Re: [PATCH v2 5/6] mips: use per-mm page to execute FP branch delay slots

Paul Burton <paul.burton@xxxxxxxxxx> · Fri, 4 Jul 2014 10:06:01 +0100

On Fri, Jul 04, 2014 at 10:52:46AM +0200, Ralf Baechle wrote:
> On Fri, Jul 04, 2014 at 09:06:41AM +0100, Paul Burton wrote:
> 
> > Yes, I think it would. The reason I went with the per-mm approach though
> > was to try to avoid so much overhead. I suppose we could possibly
> > allocate the page on demand so that threads which don't use FP don't pay
> > for it, and maybe use the shrinker interface to free the page if we run
> > low on memory and aren't currently executing from it. Though it would
> > mean that the FP branch delay "emulation" could fail if memory is tight,
> > but I suppose that's no worse than now where it could blow the (user)
> > stack.
> > 
> > I'll try to get a v3 out at some point soon.
> 
> The actual piece of code that needs to be installed is tiny.  So the page
> could be shared between many threads.  In fact a single page would
> suffice for most processes and only threads would require more slots
> than provided by a single page so more pags could be allocated or the
> process could sleep until a slot becomes available.

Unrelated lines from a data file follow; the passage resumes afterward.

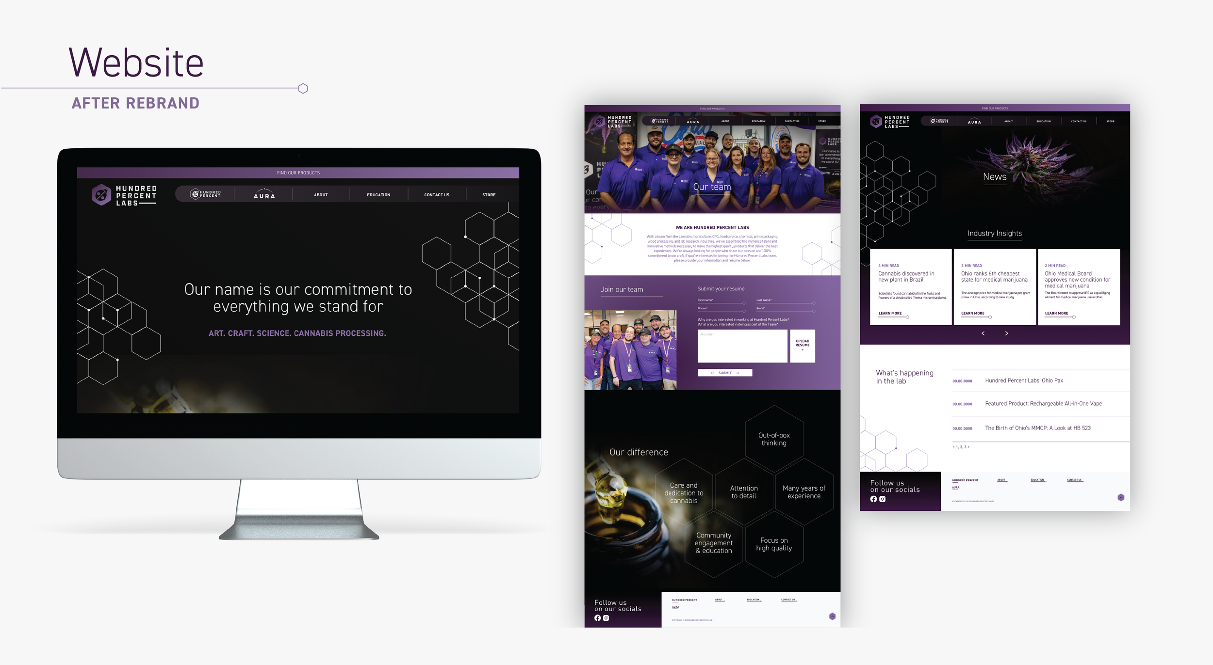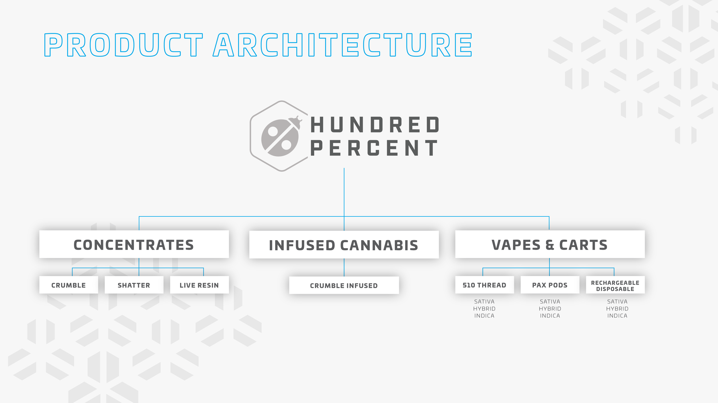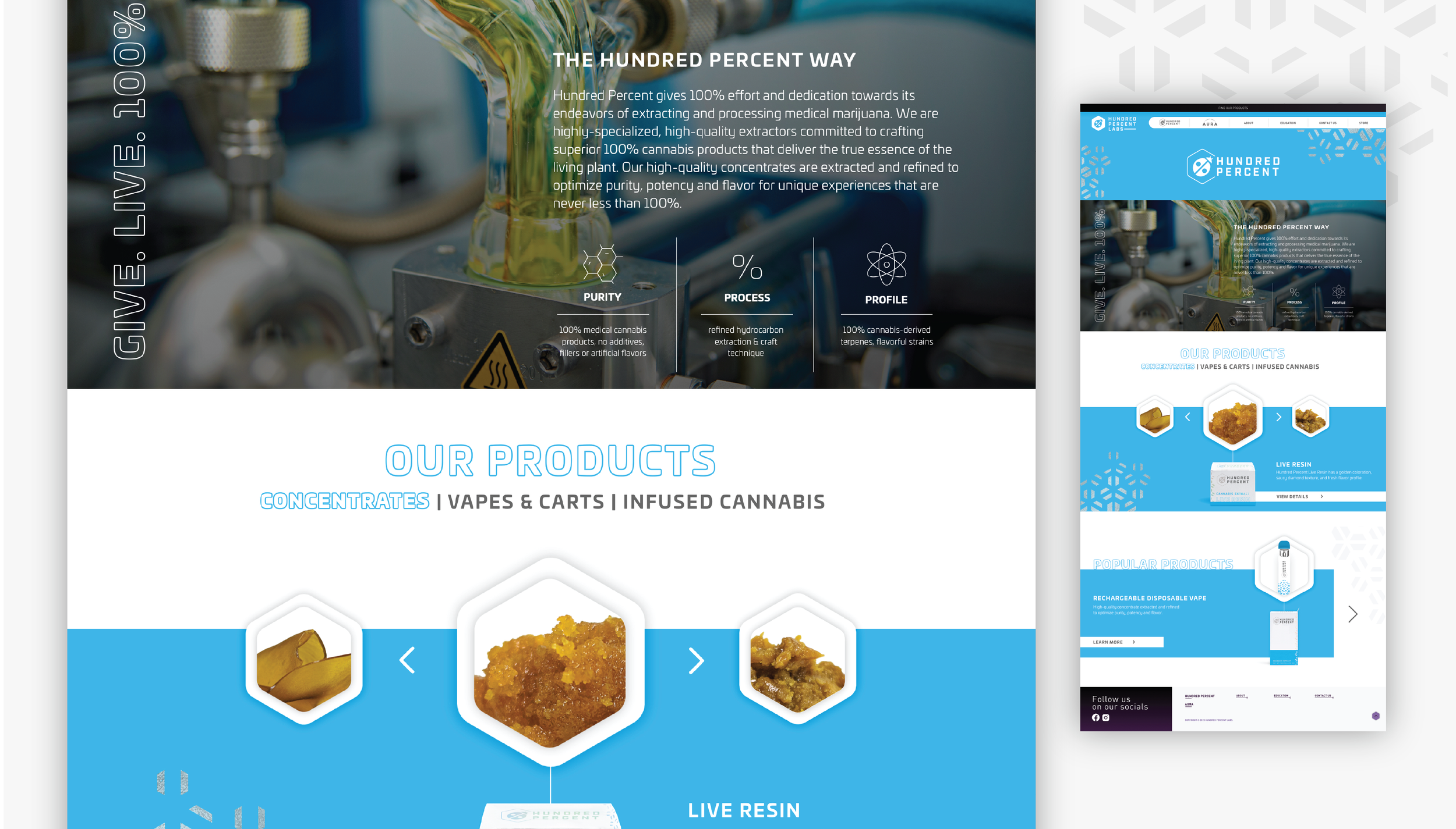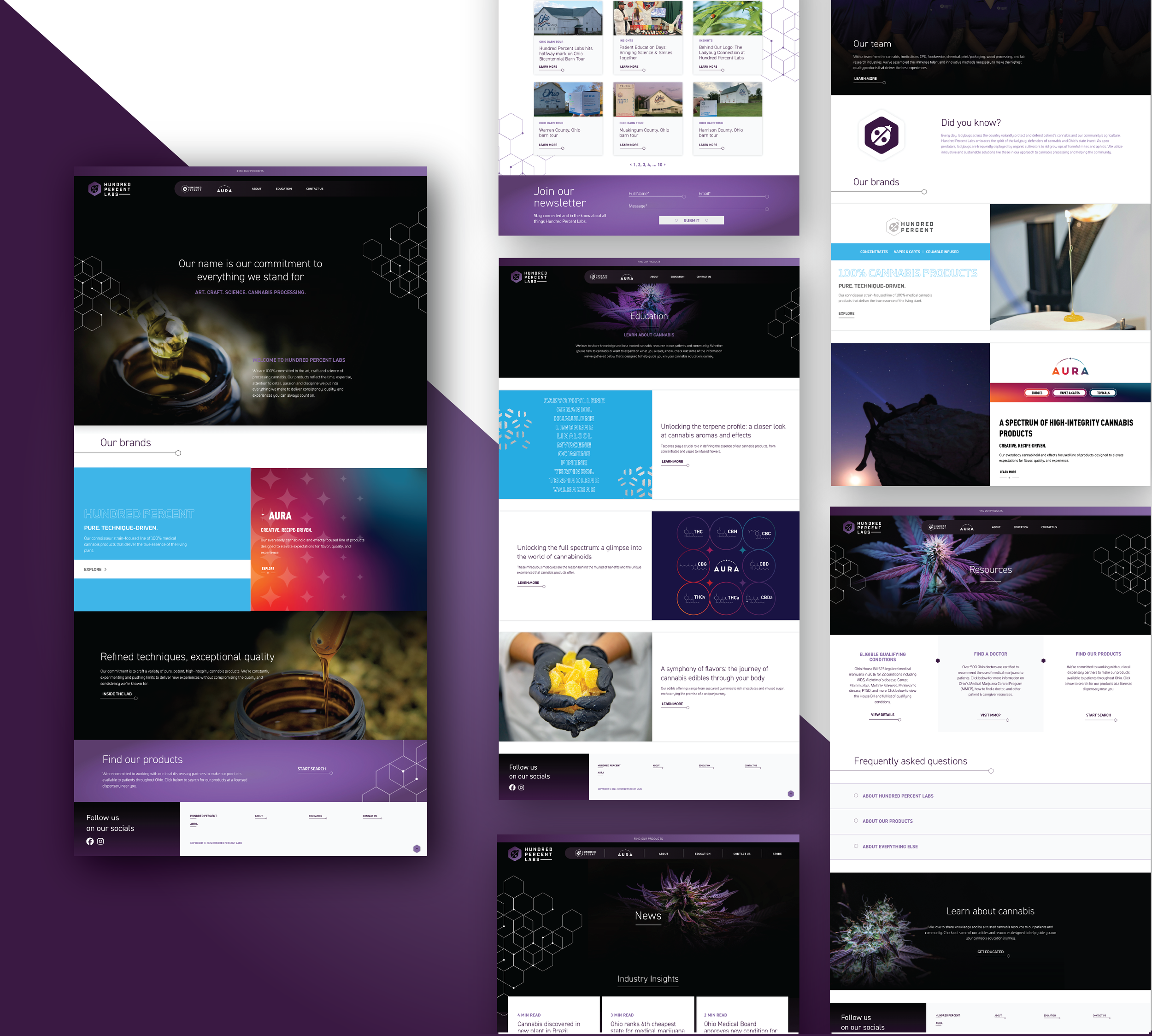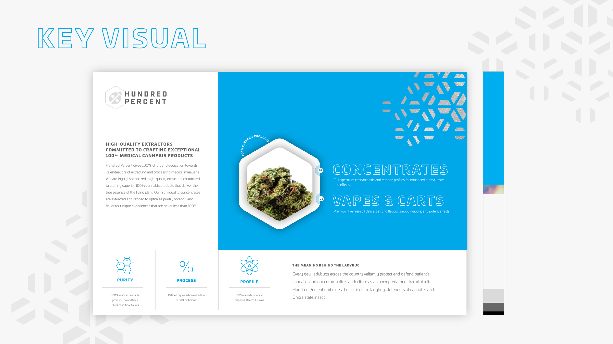 Hundred Percent Labs formed in 2019, and quickly made a name for themselves in Ohio’s medical cannabis market as highly-specialized extractors and processors of pure, high-quality concentrates. Their reputation was built by delivering high-quality products to patients throughout Ohio that reflect the expertise, attention to detail, passion and discipline they bring to their craft every day. As they continued to innovate their processes and extend into new product categories, they needed to create a business and brand strategy that allowed for future expansion, but that also would resonate with a range of consumer segments and consumption patterns.
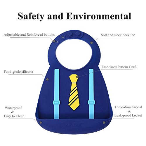 -. Feature : LIFETIME MONEY BACK GUARANTEE---If you are not satisfied with our baby bibs, we will refund your purchase. / EASY TO CLEAN---100% Food Grade Silicone resists stains and does not absorb water.Use a bit of dish soap, simply wash up in the sink or wipe it. / FASHIONABLE DESIGN---Lovely 3D embossed design, makes your baby look more outstanding and fashionable. / PORTABLE & COMFORTABLE---The soft bibs are foldable and easy to carry,and New button design makes it fit better around the baby's neck. / SAFE---Made of 100% food grade soft silicone,BPA Free.
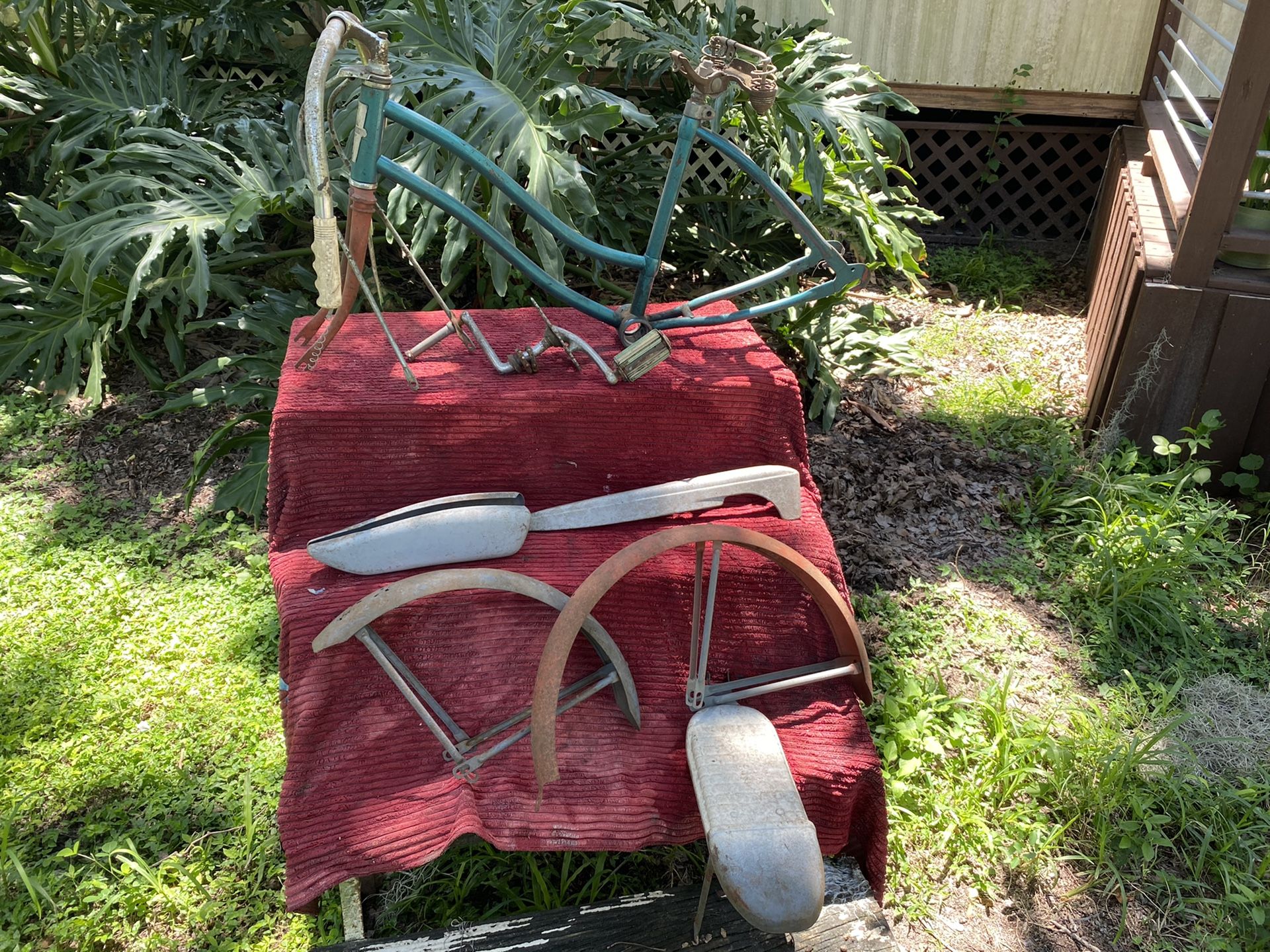Antique girls western flyer bike. I have frame handle bars two fenders gas tank chain guard and luggage rack. I also have seat for it. $50
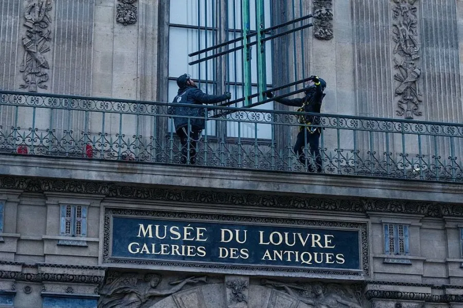 (巴黎24日讯)法国卢浮宫博物馆23日在阿波罗长廊展厅窗户上安装铁栏。不久前,窃贼在光天化日之下闯入这座巴黎地标,从阿波罗长廊盗走多件王室珠宝。
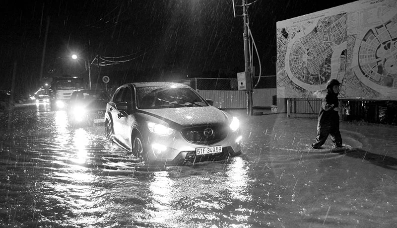 Xe ô tô chết máy giữa dòng nước trên đường Lương Định Của.

You just roughly described the v2 patch that we're replying to :)

The problem is how to reliably free the frame after it has been used.
I can see ways to do it, but none that are particularly "nice".

> Assuming the smallest supported page size of 4k and slots of 128 bytes
> (that is the largest S-cache line size in common use) that's 32 slots.

Why S-cache line sized slots? I suppose it could simplify updating the
page slightly at the cost of space.

> I'm also wondering how insane emulation would be.  We already have the
> capability to emulate a fair fraction of the instruction set.

Yeah, and I'm reasonably sure we're going to need some more once MIPSr6
is supported. I guess (perhaps only for the short term?) it could be
done in stages - if systems include ASEs or cop2 that the emulation
didn't implement then it could fall back to the current emuframe code.

I'm in 2 minds about this - it sounds crazy but perhaps it's the most
sane option available :)

Paul